On Wed, 27 Feb 2013 10:24:39 -0500 Akshay Saraswat akshay.s@samsung.com wrote:
SHA-256 and SHA-1 accelerated using ACE hardware.
TEST=sha256 0x40008000 0x2B 0x40009000 Used mm and md to write a standard string to memory location 0x40008000 and ran the above command to verify the output.
can we get rid of this TEST= infrastructure format? It's not used on upstream u-boot.
Signed-off-by: ARUN MANKUZHI arun.m@samsung.com Signed-off-by: Akshay Saraswat akshay.s@samsung.com
arch/arm/cpu/armv7/exynos/Makefile | 4 + arch/arm/cpu/armv7/exynos/ace_sha.c | 118 +++++++++++ arch/arm/include/asm/arch-exynos/ace_sfr.h | 310 +++++++++++++++++++++++++++++ arch/arm/include/asm/arch-exynos/ace_sha.h | 41 ++++ arch/arm/include/asm/arch-exynos/cpu.h | 4 + 5 files changed, 477 insertions(+) create mode 100644 arch/arm/cpu/armv7/exynos/ace_sha.c create mode 100644 arch/arm/include/asm/arch-exynos/ace_sfr.h create mode 100644 arch/arm/include/asm/arch-exynos/ace_sha.h
I doubt there's anything binding this to arch-exynos, and I bet the h/w is going to be available - if not already - on some other parts, so it probably belongs in a new drivers/crypto directory.
+/* Maximum input data size is 8 MB. Timeout observed for data size above 8MB */ +#define TIMEOUT_MS 100
So if there's a drop in processor frequency, the driver times out too early?
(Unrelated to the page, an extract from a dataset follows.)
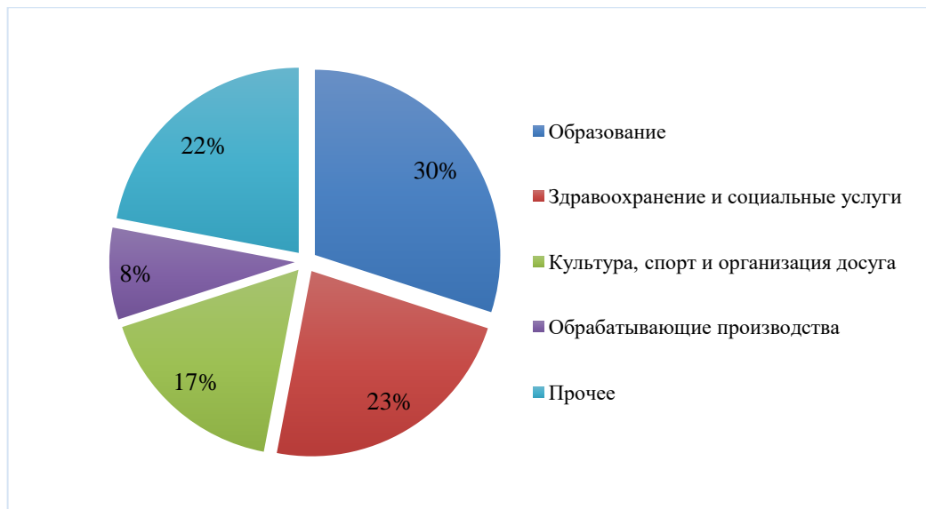
Рис. 1. Отраслевой разрез деятельности социальных предпринимателей в России по данным на январь 2024 г., %.

Not good.
+#define SHA1_DIGEST_LEN 20 +#define SHA256_DIGEST_LEN 32
don't duplicate definitions that already exist in include/sha*.h.
- if (buf_len == 0) {
/* ACE H/W cannot compute hash value for empty string */
if (hash_type == ACE_SHA_TYPE_SHA1)
memcpy(pout, sha1_digest_emptymsg, SHA1_DIGEST_LEN);
else
memcpy(pout, sha256_digest_emptymsg, SHA256_DIGEST_LEN);
return 0;
- }
there's no protection from buf_len going over the h/w 8MB limit mentioned above - why not fall back to the s/w implementation in both those cases? Or, if the h/w can be programmed to perform multiple hash updates in 8MB data chunks, add support to do that.
- /* Read hash result */
- pdigest = (unsigned int *)pout;
- len = (hash_type == ACE_SHA_TYPE_SHA1) ? 5 : 8;
magic numbers - use SHAx_SUM_LEN / 4.